* **ENTRIES SHOWN**
=== Begin Enclosure ===

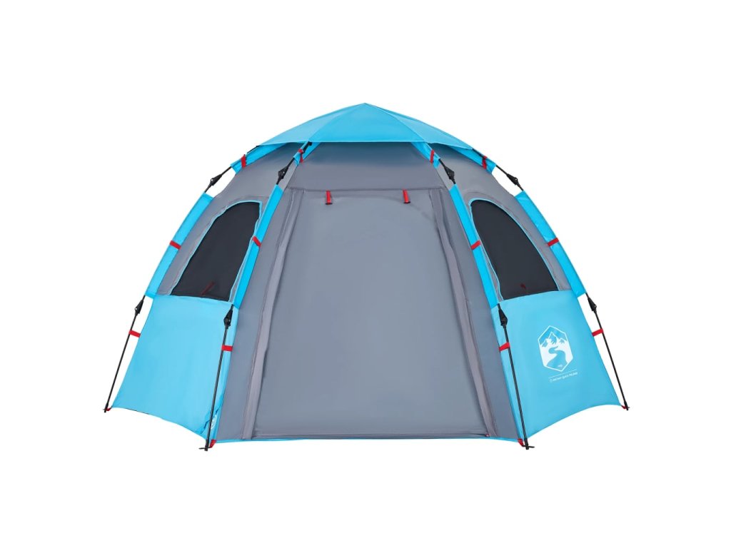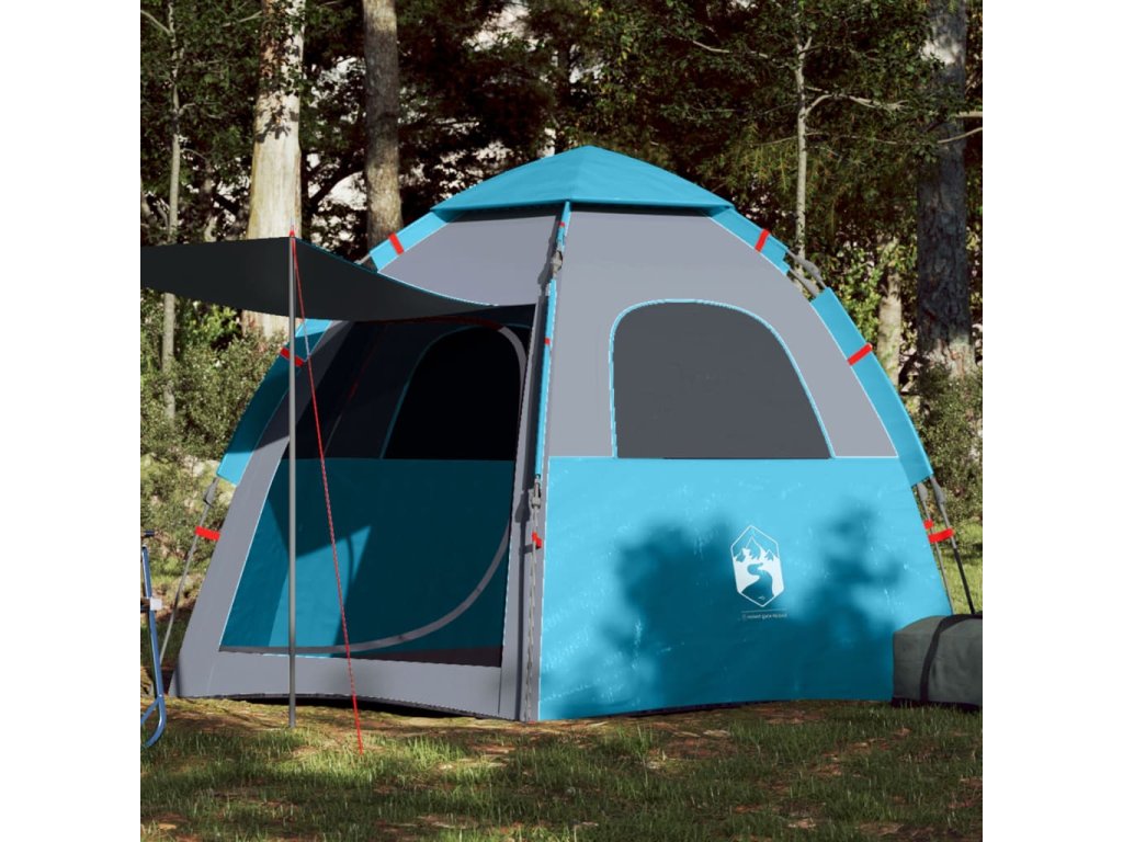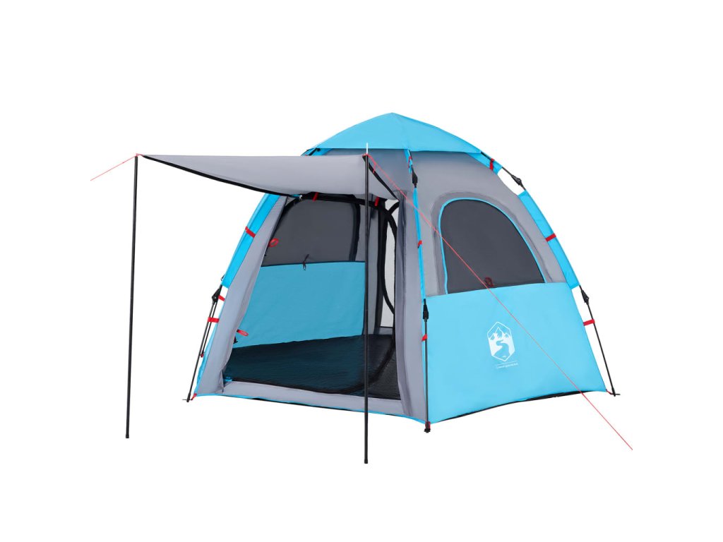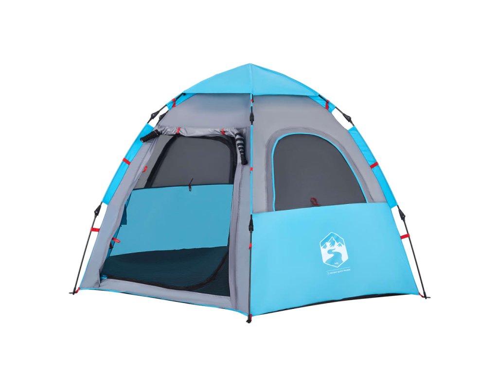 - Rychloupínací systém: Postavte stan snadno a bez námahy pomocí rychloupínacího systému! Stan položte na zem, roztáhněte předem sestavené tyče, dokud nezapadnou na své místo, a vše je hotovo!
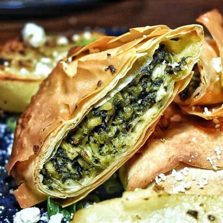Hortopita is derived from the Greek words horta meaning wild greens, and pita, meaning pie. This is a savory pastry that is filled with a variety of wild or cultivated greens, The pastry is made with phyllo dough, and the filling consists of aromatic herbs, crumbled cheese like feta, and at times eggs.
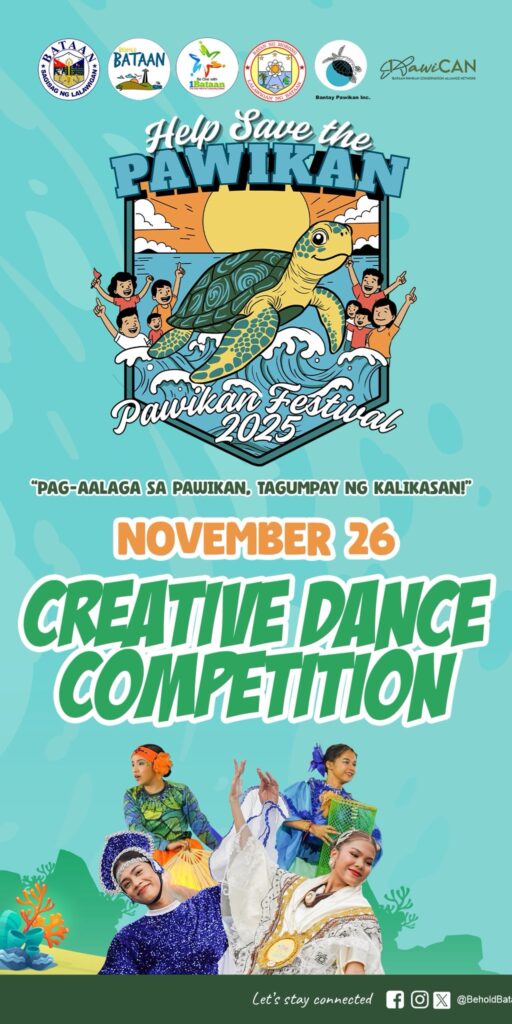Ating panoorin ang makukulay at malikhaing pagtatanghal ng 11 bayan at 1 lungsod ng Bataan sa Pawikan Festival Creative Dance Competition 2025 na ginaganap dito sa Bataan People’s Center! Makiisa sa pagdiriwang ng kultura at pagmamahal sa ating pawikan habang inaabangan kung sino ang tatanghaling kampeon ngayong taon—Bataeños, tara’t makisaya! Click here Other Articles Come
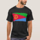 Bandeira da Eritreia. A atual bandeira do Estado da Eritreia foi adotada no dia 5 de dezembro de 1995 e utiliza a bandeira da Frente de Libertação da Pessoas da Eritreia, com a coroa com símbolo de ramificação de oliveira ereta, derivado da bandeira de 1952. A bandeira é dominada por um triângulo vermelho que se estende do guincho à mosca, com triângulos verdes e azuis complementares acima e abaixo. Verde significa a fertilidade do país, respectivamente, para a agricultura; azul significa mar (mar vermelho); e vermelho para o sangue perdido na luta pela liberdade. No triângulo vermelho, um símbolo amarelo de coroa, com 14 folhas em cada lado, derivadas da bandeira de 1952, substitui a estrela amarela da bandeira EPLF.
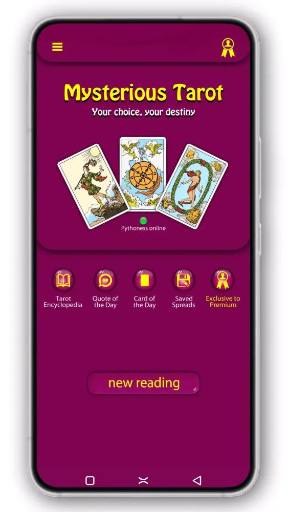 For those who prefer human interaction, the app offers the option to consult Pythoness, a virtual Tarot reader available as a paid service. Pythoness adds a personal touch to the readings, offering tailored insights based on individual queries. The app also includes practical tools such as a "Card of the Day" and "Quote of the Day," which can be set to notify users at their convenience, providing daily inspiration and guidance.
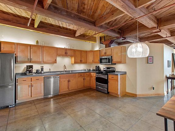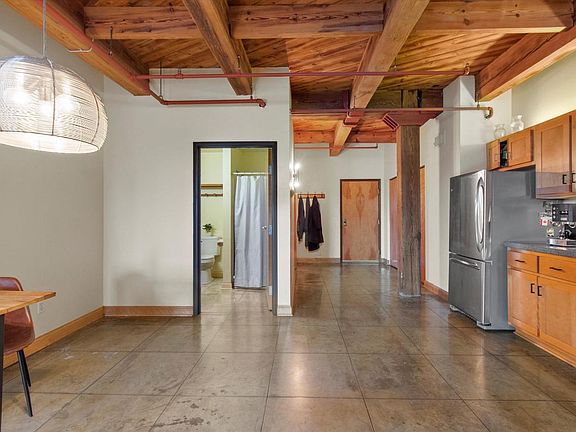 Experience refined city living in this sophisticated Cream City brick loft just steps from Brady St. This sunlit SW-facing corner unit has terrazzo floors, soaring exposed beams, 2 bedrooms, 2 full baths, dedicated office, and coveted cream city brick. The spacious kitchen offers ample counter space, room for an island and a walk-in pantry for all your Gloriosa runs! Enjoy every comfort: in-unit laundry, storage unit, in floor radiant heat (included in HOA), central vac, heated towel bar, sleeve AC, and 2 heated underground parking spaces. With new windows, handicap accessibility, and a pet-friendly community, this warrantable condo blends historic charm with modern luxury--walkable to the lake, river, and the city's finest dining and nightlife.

=== End Enclosure ===
=== Begin Enclosure ===

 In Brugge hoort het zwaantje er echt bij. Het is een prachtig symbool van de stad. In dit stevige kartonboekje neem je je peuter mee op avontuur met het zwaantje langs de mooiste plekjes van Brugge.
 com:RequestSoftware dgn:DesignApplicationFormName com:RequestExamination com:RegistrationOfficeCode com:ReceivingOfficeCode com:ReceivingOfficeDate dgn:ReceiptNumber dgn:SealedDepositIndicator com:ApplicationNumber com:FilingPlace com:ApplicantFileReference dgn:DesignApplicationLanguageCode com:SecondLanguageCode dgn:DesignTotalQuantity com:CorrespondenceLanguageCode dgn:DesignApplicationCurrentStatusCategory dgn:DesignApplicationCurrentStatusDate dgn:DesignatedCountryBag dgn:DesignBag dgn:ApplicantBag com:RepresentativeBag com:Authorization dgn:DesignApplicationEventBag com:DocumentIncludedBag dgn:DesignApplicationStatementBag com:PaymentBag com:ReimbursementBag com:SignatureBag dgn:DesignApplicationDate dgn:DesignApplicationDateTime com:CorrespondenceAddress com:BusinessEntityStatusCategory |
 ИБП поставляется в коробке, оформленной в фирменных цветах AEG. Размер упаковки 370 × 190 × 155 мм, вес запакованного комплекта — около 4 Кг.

=== End Enclosure ===

* **EXERCISE**
Copy nothing but the lines above that run from the one with "- Rychloupínací systém: Postavte" to the one with "Hortopita is derived", ends included; pictures stay out.

* **EXPECTED ANSWER**
 - Rychloupínací systém: Postavte stan snadno a bez námahy pomocí rychloupínacího systému! Stan položte na zem, roztáhněte předem sestavené tyče, dokud nezapadnou na své místo, a vše je hotovo!
Hortopita is derived from the Greek words horta meaning wild greens, and pita, meaning pie. This is a savory pastry that is filled with a variety of wild or cultivated greens, The pastry is made with phyllo dough, and the filling consists of aromatic herbs, crumbled cheese like feta, and at times eggs.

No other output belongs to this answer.